Order backlog is adjusted quarterly to reflect project cancellations, deferrals, revised project scope and cost. We expect to fill our entire 2018 order backlog in 2019, but cannot provide assurances as to what portion of the order backlog will be fulfilled in a given year.

Raw Materials

Most raw materials used in the production of our products are available in adequate supply from a number of sources and the prices of these raw materials are relatively stable. However, some raw materials, including printed circuit boards, quartz and certain metals including steel, aluminum, silver, gold, tantalum and palladium, are subject to greater supply fluctuations and price volatility, as experienced in recent years. In general, we have been able to include some cost increases in our pricing, but in some cases our margins were adversely impacted.

Competition

We design, manufacture and market products for the generation, synchronization and control of time and frequency as well as spectrum control products. There are numerous domestic and international manufacturers who are capable of providing custom-designed products comparable in quality and performance to our products. Our competitive strategy begins with our focus on niche markets where precise specification and reliability are the major requirements. Competitors in our electronic components segment include, but are not limited to, Vectron International (a division of Knowles Corporation), K&L Microwave (a division of Dover Corporation), Symmetricom (a division of Microsemi Corporation), and Rakon Limited. Competitors in our electronic instruments segment include, but are not limited to, Symmetricom, Spectracom Corporation and Brandywine Communications.

Intellectual Property

We have no patents, trademarks or licenses that are considered to be significant to our business or operations. Rather, we believe that our technological position depends primarily on the technical competence and creative ability of our engineering and technical staff in areas of product design and manufacturing processes, including our staff’s ability to customize products to meet difficult specifications, as well as proprietary know-how and information.

Employees

As of December 31, 2018, we employed 308 people, including 146 full-time, and 16 part-time employees, along with 146 contractors. Of this total, the Company has 136 full-time, 15 part-time, and one contract employee within the U.S., with 107 located in Orlando, Florida, 40 in Yankton, South Dakota, and five within its subsidiary PTF in Wakefield,

4


 

Massachusetts. The Company has two full-time and one part-time employee in Hong Kong, and eight full-time employees and 145 contractors in Noida, India. None of the Company's employees are represented by a labor union and the Company considers its relationships with employees to be good.

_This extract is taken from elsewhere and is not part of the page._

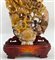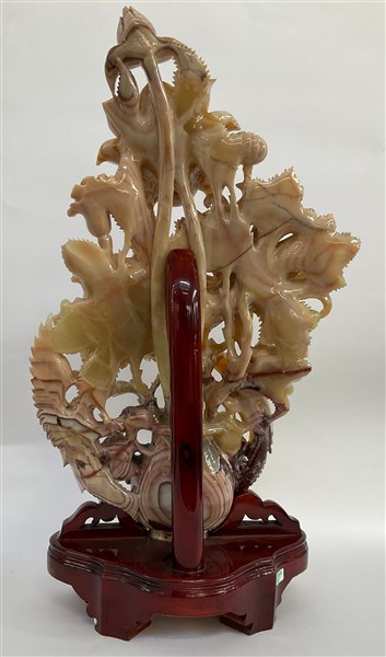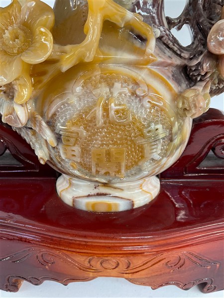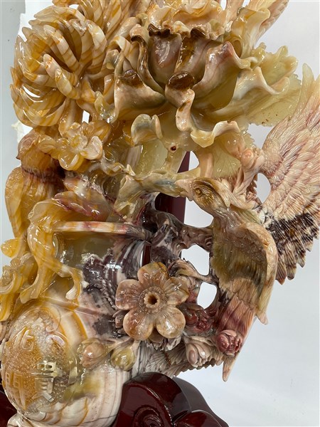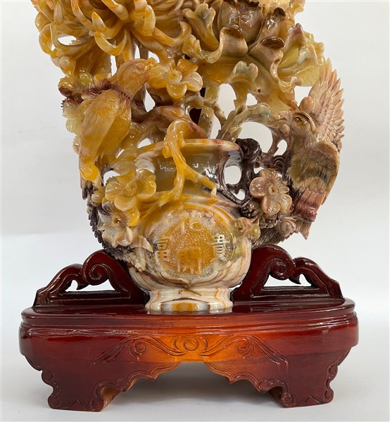 Grande gruppo in quarzo microcristallino raffigurante vaso con mazzo di fiori, poggiante su base in legno Cina, sec. XX (cm 35x57) (difetti)

As an engineering-centric company, nearly 20% of our workforce consists of degreed engineers offering their expertise to product design and process development.

Environmental

Our manufacturing operations, products, and/or product packaging are subject to environmental laws and regulations governing air emissions, wastewater discharges, and the handling, disposal and remediation of hazardous substances, wastes and other chemicals. In addition, more stringent environmental regulations may be enacted in the future, both within the United States and internationally, and we cannot presently determine the modifications, if any, in our operations that any future regulations might require, or the cost of compliance that would be associated with these regulations.

To date, capital expenditures, earnings and competitive position of the Company have not been materially affected by compliance with current federal, state, and local laws and regulations (domestic and foreign) relating to the protection of the environment. However, we cannot predict the effect of future laws and regulations.

Item 1A.

Risk Factors.

Investing in our securities involves risks. Before making an investment decision, you should carefully consider the risks described below. Any of these risks could result in a material adverse effect on our business, financial condition, results of operations, or prospects, and could cause the trading price of our securities to decline, resulting in a loss of all or part of your investment. The risks and uncertainties described below are not the only ones we face, but represent those risks and uncertainties that we believe are material to our business, operating results, prospects and financial condition. Additional risks and uncertainties not presently known to us or that we currently deem immaterial may also harm our business.

Risks Related to Our Business and Industry

We are dependent on a single line of business.

Prior to our September 2016 acquisition of PTF, we were engaged only in the design, manufacture and marketing of standard and custom-engineered electronic components that are used primarily to control the frequency or timing of signals in electronic circuits. Although our acquisition of PTF added an additional product line of electronic instruments that includes highly engineered products for the generation of time and frequency references for synchronization and control, until we see significant growth from the PTF electronic instruments product line or develop or acquire additional product lines we will remain dependent on our electronic components line of business. Virtually all of our 2018 and 2017 revenues came from sales of electronic components, which consist of packaged quartz crystals, oscillator modules, electronic filters and integrated modules. We expect that this product line will continue to account for substantially all of our revenues in 2019.

Given our reliance on this single line of business, any decline in demand for this product line or failure to achieve continued market acceptance of existing and new versions of this product line may harm our business and our financial condition. Additionally, unfavorable market conditions affecting this line of business would likely have a disproportionate impact on us in comparison with certain competitors, who have more diversified operations and multiple lines of business. Should this line of business fail to generate sufficient sales to support ongoing operations, there can be no assurance that we will be able to develop alternate business lines.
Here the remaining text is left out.